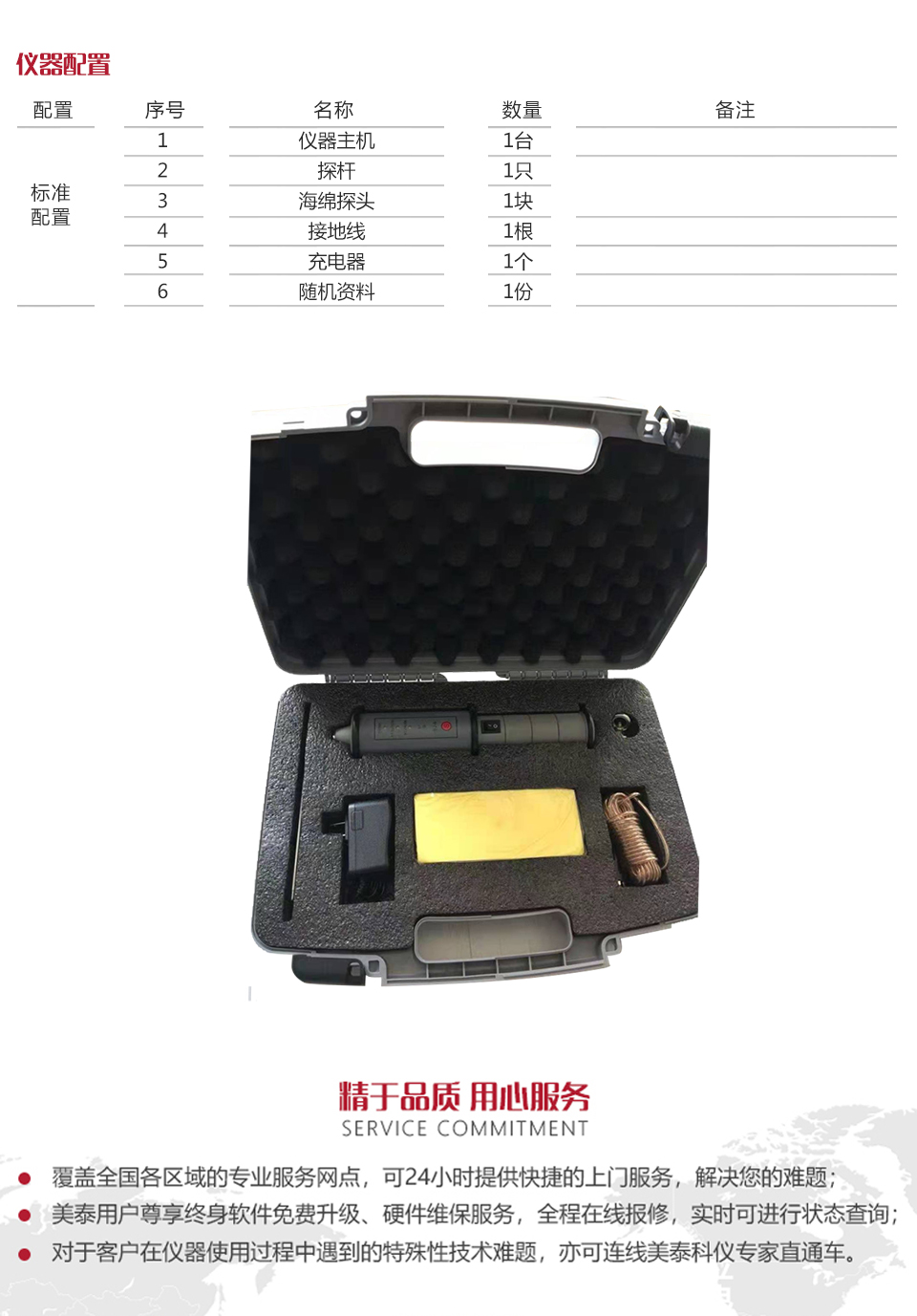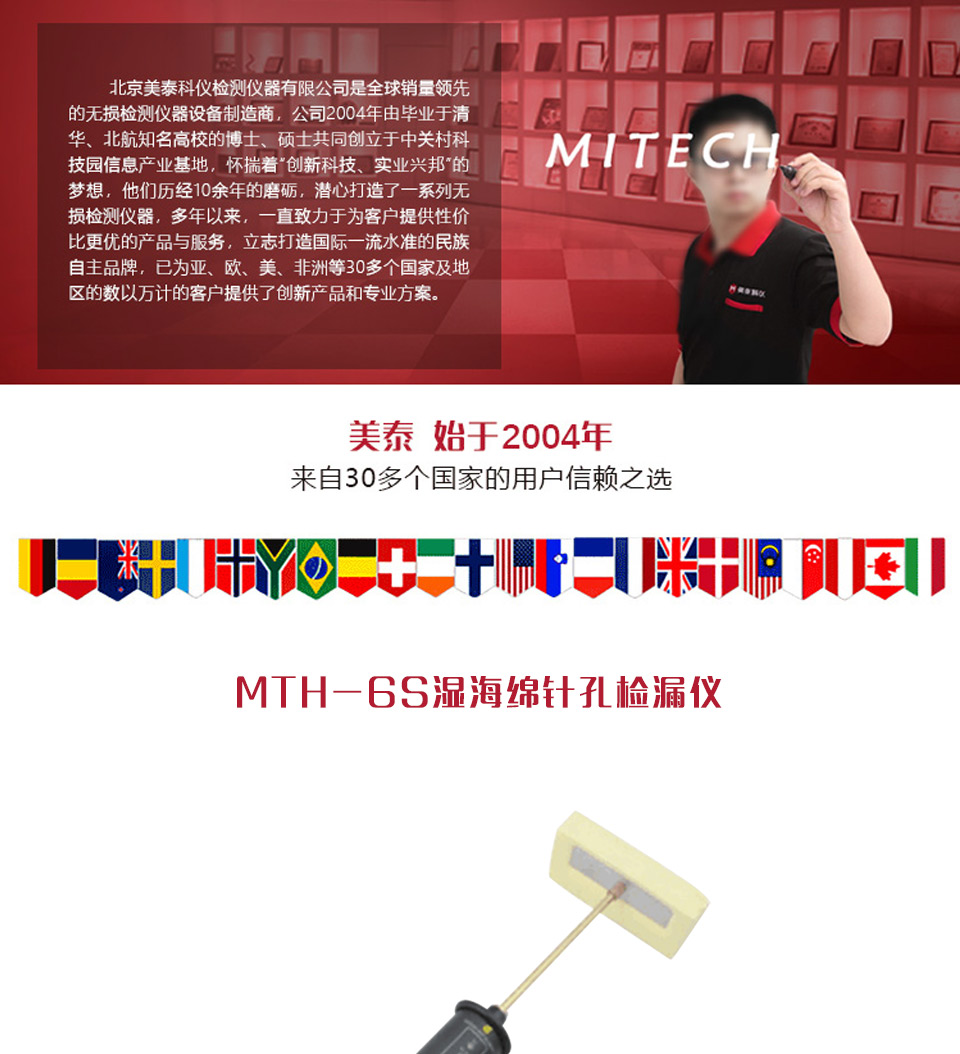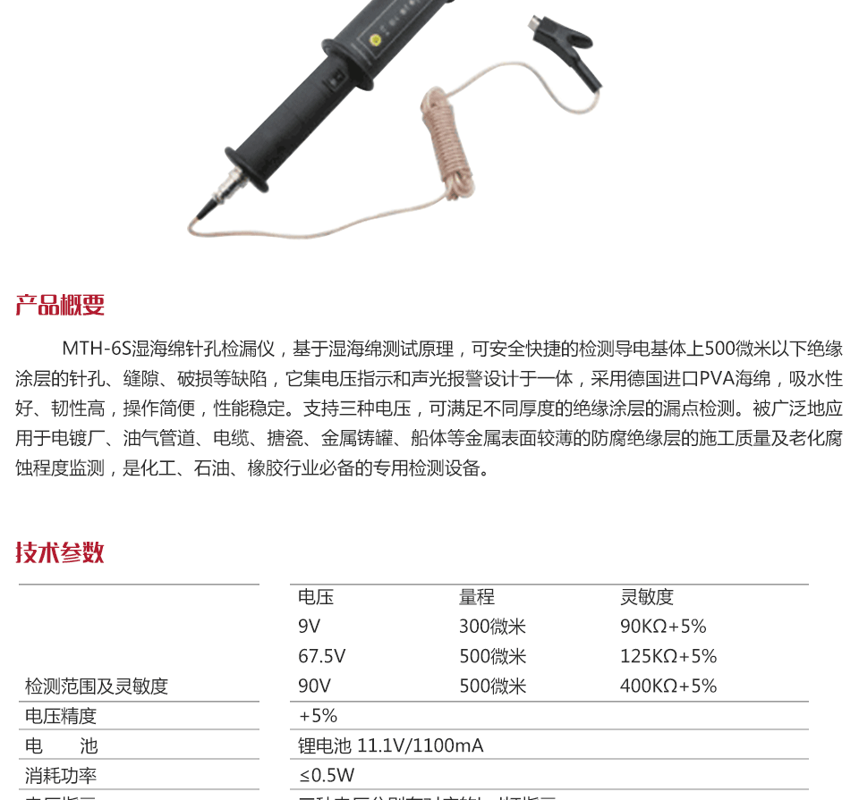 產品概述MTH-6S濕海綿針孔檢漏儀,基于濕海綿測試原理,可安全快捷的檢測導電基體上500微米以下絕緣涂層的針孔、縫隙、破損等缺陷,它集電壓指示和聲光報警設計于一體,采用德國進口PVA海綿,吸水性好、韌性高,操作簡便,性能穩定。支持三種電壓,可滿足不同厚度的絕緣涂層的漏點檢測。被廣泛地應用于電鍍廠、油氣管道、電纜、搪瓷、金屬鑄罐、船體等金屬表面較薄的防腐絕緣層的施工質量及老化腐蝕程度監測,是化工、石油、橡膠行業必備的專用檢測設備。
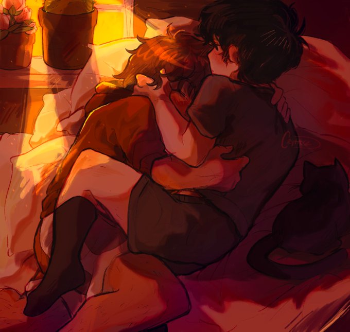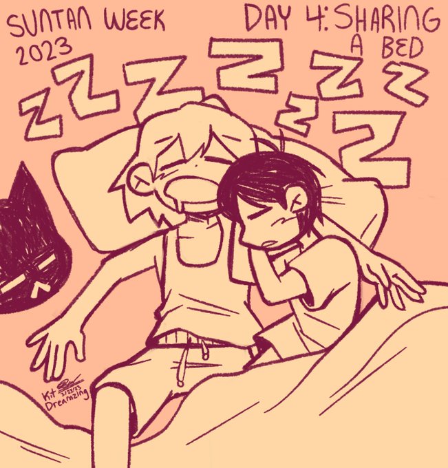 suntan week day 4: sharing a bed 🛏️🧡🖤 this was sm fun to do omg, I love them to death. 🫶 #suntanweek2023 #suntanomori #OMORIFANART
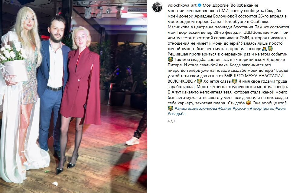 Кстати, Ариадна работает репетитором и продает свои стихи. Жених тоже не из богатых: он поёт в храме и подарил невесте простое кольцо без драгоценных камней. Почему тогда сама Волочкова решила потратить такие сумасшедшие деньги? Может быть, балерина снова в первую очередь беспокоится о себе?
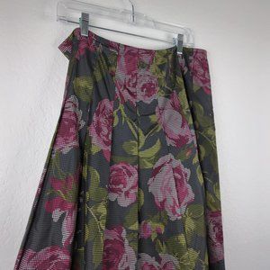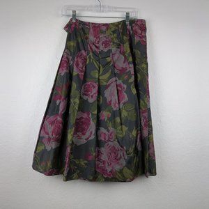 Jones New York Gray and Pink Floral A-Line Skirt

* * *

## [Aim of the task]
Everything above except the pictures needs to be reproduced exactly.

## [Answer area]
 產品概述MTH-6S濕海綿針孔檢漏儀,基于濕海綿測試原理,可安全快捷的檢測導電基體上500微米以下絕緣涂層的針孔、縫隙、破損等缺陷,它集電壓指示和聲光報警設計于一體,采用德國進口PVA海綿,吸水性好、韌性高,操作簡便,性能穩定。支持三種電壓,可滿足不同厚度的絕緣涂層的漏點檢測。被廣泛地應用于電鍍廠、油氣管道、電纜、搪瓷、金屬鑄罐、船體等金屬表面較薄的防腐絕緣層的施工質量及老化腐蝕程度監測,是化工、石油、橡膠行業必備的專用檢測設備。
 suntan week day 4: sharing a bed 🛏️🧡🖤 this was sm fun to do omg, I love them to death. 🫶 #suntanweek2023 #suntanomori #OMORIFANART
 Кстати, Ариадна работает репетитором и продает свои стихи. Жених тоже не из богатых: он поёт в храме и подарил невесте простое кольцо без драгоценных камней. Почему тогда сама Волочкова решила потратить такие сумасшедшие деньги? Может быть, балерина снова в первую очередь беспокоится о себе?
 Jones New York Gray and Pink Floral A-Line Skirt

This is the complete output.